■ Work request: Begin at the line below that has "As we know, the" and stop after the line that has "TALK― 「いちばんやさしいDXの教本」著者 亀田重幸氏登壇! 無料ウェビナー「HR領域のDX×新規事業のつくり方」". Please restate only those lines, word for word.

■ Records for the exercise:
--- START ---

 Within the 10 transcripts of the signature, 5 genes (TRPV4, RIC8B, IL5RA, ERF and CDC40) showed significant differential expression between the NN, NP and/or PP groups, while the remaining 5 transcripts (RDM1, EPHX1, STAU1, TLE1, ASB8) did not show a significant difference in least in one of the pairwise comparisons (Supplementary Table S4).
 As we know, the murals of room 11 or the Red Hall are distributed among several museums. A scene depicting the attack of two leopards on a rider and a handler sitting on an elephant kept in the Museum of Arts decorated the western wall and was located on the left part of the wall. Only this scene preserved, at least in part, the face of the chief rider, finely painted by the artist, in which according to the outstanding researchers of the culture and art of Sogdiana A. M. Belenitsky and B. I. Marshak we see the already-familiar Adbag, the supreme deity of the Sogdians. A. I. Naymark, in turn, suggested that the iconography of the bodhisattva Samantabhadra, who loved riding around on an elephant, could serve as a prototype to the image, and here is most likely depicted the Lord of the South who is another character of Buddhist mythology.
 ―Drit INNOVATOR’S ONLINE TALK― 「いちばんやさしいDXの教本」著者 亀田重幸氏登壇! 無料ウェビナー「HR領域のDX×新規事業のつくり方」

--- END ---
--- START ---

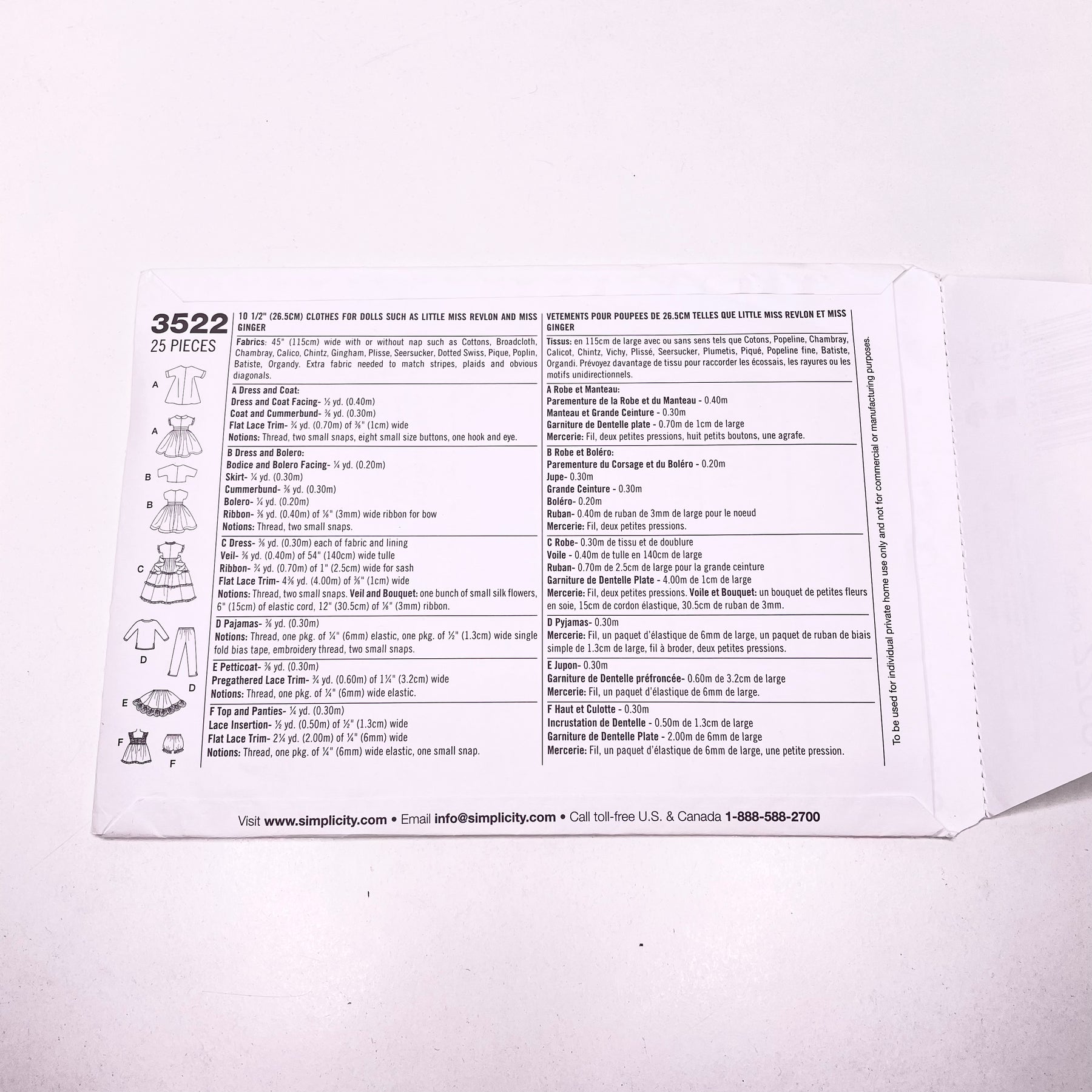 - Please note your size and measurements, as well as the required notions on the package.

--- END ---
--- START ---

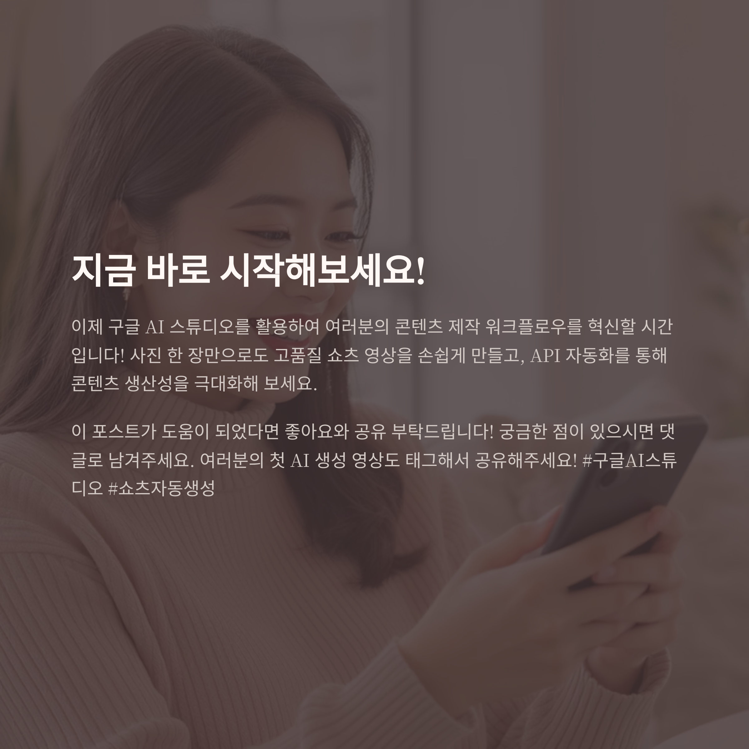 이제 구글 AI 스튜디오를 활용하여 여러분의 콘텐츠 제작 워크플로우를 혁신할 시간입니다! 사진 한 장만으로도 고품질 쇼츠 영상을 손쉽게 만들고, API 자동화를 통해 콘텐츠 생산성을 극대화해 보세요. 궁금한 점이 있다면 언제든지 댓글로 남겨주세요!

--- END ---

■ Your solution:
 As we know, the murals of room 11 or the Red Hall are distributed among several museums. A scene depicting the attack of two leopards on a rider and a handler sitting on an elephant kept in the Museum of Arts decorated the western wall and was located on the left part of the wall. Only this scene preserved, at least in part, the face of the chief rider, finely painted by the artist, in which according to the outstanding researchers of the culture and art of Sogdiana A. M. Belenitsky and B. I. Marshak we see the already-familiar Adbag, the supreme deity of the Sogdians. A. I. Naymark, in turn, suggested that the iconography of the bodhisattva Samantabhadra, who loved riding around on an elephant, could serve as a prototype to the image, and here is most likely depicted the Lord of the South who is another character of Buddhist mythology.
 ―Drit INNOVATOR’S ONLINE TALK― 「いちばんやさしいDXの教本」著者 亀田重幸氏登壇! 無料ウェビナー「HR領域のDX×新規事業のつくり方」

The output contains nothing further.